*** DATA SEGMENT Section Begins ***

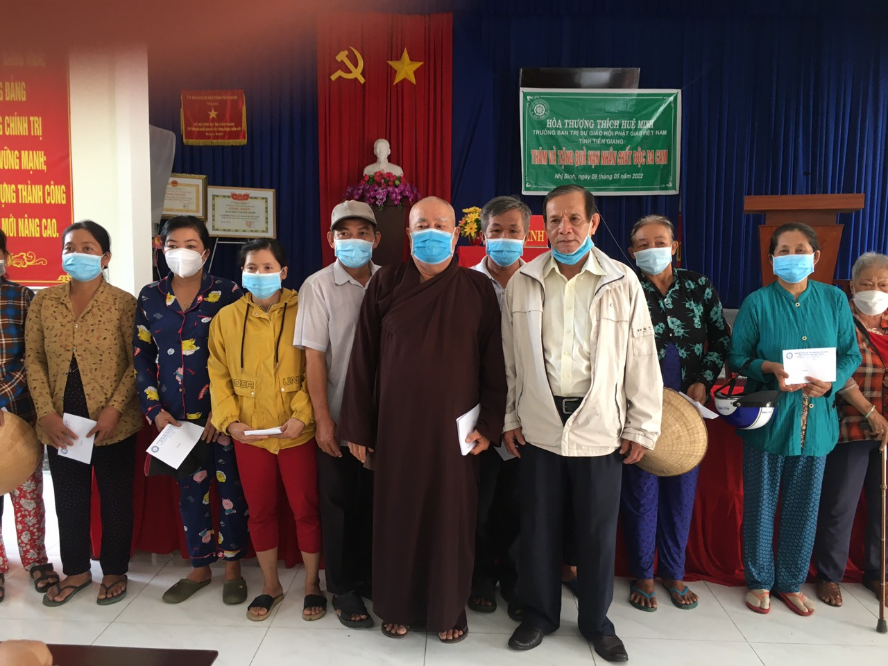 Hòa thượng Thích Huệ Minh cùng Thường vụ Hội huyện Châu Thành tặng quà nạn nhân
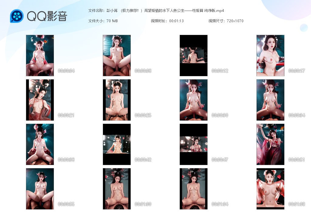 【影片名称】:【AI脱衣】❤️彭小苒❤️(极力推荐!)渴望爱情的水下人鱼公主——性爱篇 纯净版![118.75M/MP4/01:12/116]
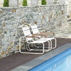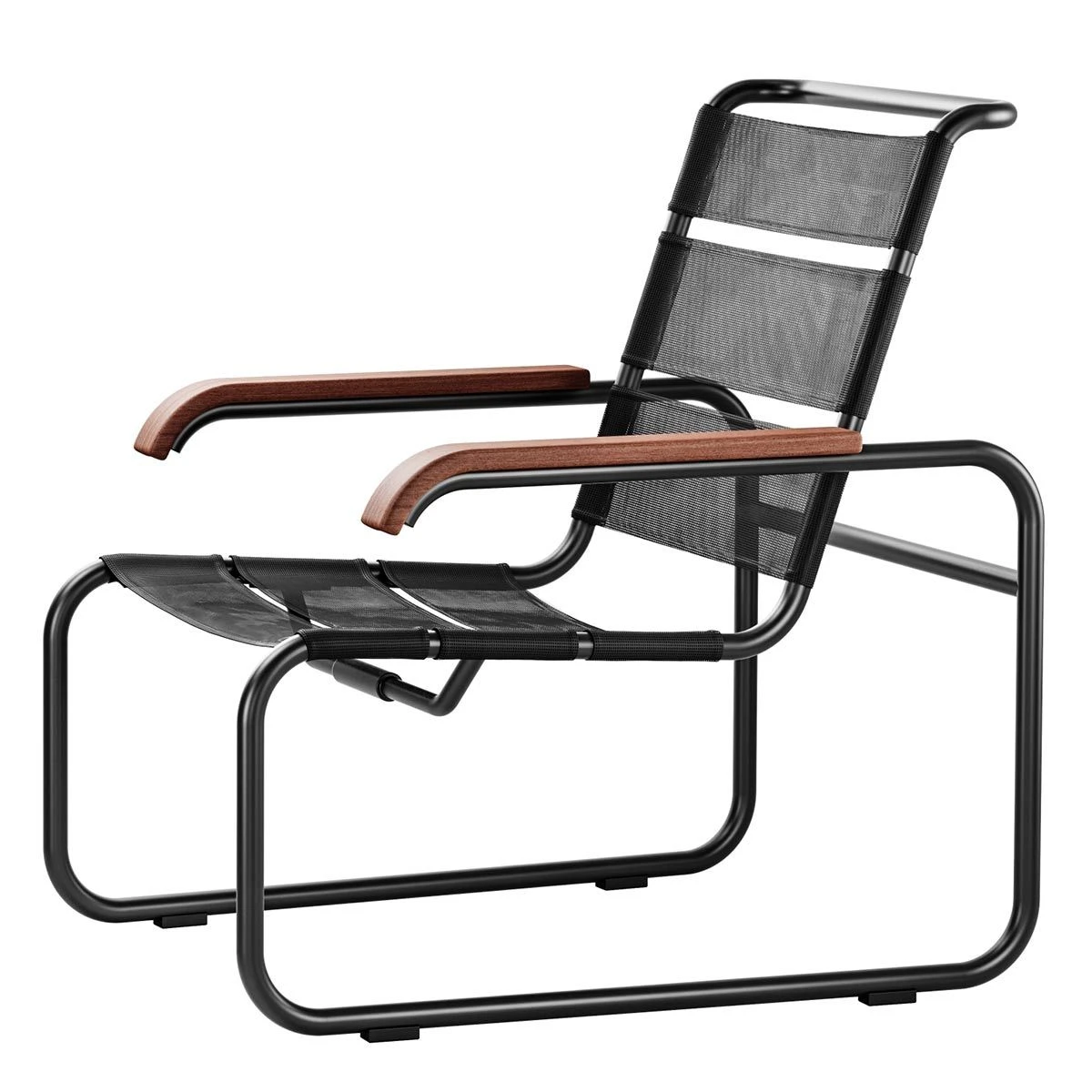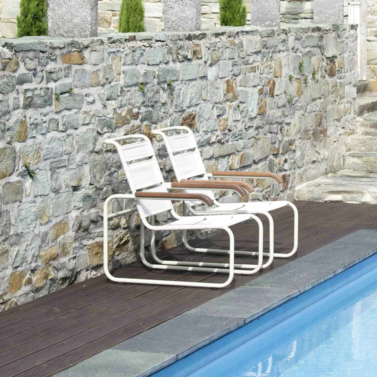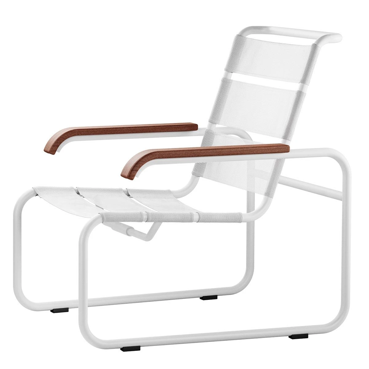 white, natural or black synthetic mesh seat and backrest with optional cushion, oiled iroko armrests
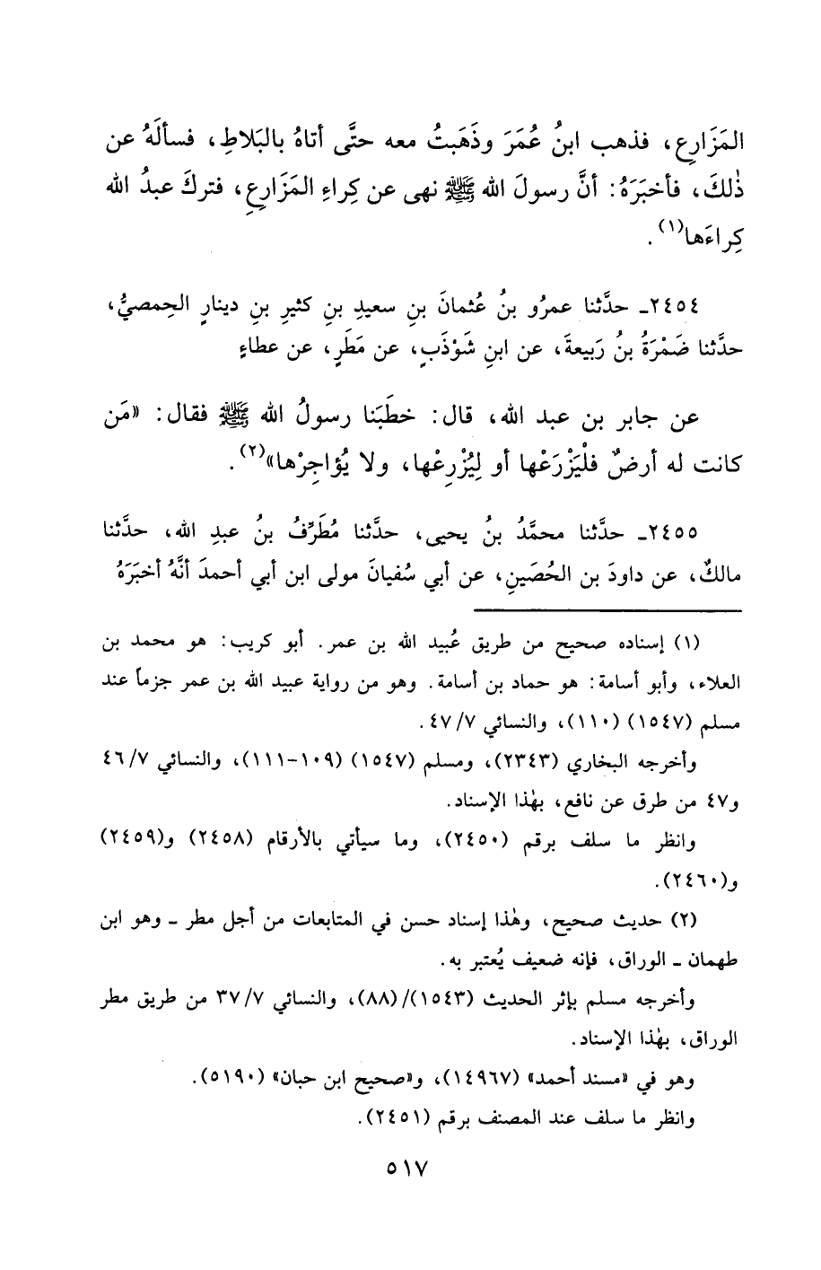 2454- حَدَّثَنَا عَمْرُو بْنُ عُثْمَانَ بْنِ سَعِيدِ بْنِ كَثِيرِ بْنِ دِينَارٍ الْحِمْصِيُّ ، حَدَّثَنَا ضَمْرَةُ بْنُ رَبِيعَةَ ، عَنِ ابْنِ شَوْذَبٍ ، عَنْ مَطَرٍ ، عَنْ عَطَاءٍ ، عَنْ جَابِرِ بْنِ عَبْدِ اللهِ ، قَالَ : خَطَبَنَا رَسُولُ اللهِ صَلَّى الله عَليْهِ وسَلَّمَ ، فَقَالَ : مَنْ كَانَتْ لَهُ أَرْضٌ فَلْيَزْرَعْهَا ، أَوْ لِيُزْرِعْهَا ، وَلاَ يُؤَاجِرْهَا.

*** DATA SEGMENT Section Ends ***

REQUIRED WORK: Only the pictures are to be dropped; all other material above must be repeated exactly.

SOLVED PROBLEM:
 Hòa thượng Thích Huệ Minh cùng Thường vụ Hội huyện Châu Thành tặng quà nạn nhân
 【影片名称】:【AI脱衣】❤️彭小苒❤️(极力推荐!)渴望爱情的水下人鱼公主——性爱篇 纯净版![118.75M/MP4/01:12/116]
 white, natural or black synthetic mesh seat and backrest with optional cushion, oiled iroko armrests
 2454- حَدَّثَنَا عَمْرُو بْنُ عُثْمَانَ بْنِ سَعِيدِ بْنِ كَثِيرِ بْنِ دِينَارٍ الْحِمْصِيُّ ، حَدَّثَنَا ضَمْرَةُ بْنُ رَبِيعَةَ ، عَنِ ابْنِ شَوْذَبٍ ، عَنْ مَطَرٍ ، عَنْ عَطَاءٍ ، عَنْ جَابِرِ بْنِ عَبْدِ اللهِ ، قَالَ : خَطَبَنَا رَسُولُ اللهِ صَلَّى الله عَليْهِ وسَلَّمَ ، فَقَالَ : مَنْ كَانَتْ لَهُ أَرْضٌ فَلْيَزْرَعْهَا ، أَوْ لِيُزْرِعْهَا ، وَلاَ يُؤَاجِرْهَا.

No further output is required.